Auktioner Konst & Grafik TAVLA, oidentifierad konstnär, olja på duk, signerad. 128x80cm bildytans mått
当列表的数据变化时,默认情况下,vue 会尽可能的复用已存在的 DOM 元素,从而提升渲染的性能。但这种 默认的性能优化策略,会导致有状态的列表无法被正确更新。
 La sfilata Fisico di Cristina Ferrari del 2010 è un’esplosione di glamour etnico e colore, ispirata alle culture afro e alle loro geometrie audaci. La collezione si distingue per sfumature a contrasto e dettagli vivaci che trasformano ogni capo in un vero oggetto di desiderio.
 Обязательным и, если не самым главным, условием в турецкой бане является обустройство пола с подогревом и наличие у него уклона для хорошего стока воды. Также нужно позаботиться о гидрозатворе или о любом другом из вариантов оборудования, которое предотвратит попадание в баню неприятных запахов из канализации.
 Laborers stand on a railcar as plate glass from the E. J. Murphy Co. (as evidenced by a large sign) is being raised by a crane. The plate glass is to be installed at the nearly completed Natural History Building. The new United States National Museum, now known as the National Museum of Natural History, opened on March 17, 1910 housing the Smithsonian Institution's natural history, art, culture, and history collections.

=======

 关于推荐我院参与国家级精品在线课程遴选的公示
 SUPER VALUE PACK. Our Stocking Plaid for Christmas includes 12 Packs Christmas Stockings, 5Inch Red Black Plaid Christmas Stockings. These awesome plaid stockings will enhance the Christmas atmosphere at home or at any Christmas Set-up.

=======

▸ Goal of the exercise: Both the line containing "Auktioner Konst &" and the line containing "Обязательным и, если" belong in the answer. Print them and every line above that falls between them exactly, and no others.

▸ Exercise response:
Auktioner Konst & Grafik TAVLA, oidentifierad konstnär, olja på duk, signerad. 128x80cm bildytans mått
当列表的数据变化时,默认情况下,vue 会尽可能的复用已存在的 DOM 元素,从而提升渲染的性能。但这种 默认的性能优化策略,会导致有状态的列表无法被正确更新。
 La sfilata Fisico di Cristina Ferrari del 2010 è un’esplosione di glamour etnico e colore, ispirata alle culture afro e alle loro geometrie audaci. La collezione si distingue per sfumature a contrasto e dettagli vivaci che trasformano ogni capo in un vero oggetto di desiderio.
 Обязательным и, если не самым главным, условием в турецкой бане является обустройство пола с подогревом и наличие у него уклона для хорошего стока воды. Также нужно позаботиться о гидрозатворе или о любом другом из вариантов оборудования, которое предотвратит попадание в баню неприятных запахов из канализации.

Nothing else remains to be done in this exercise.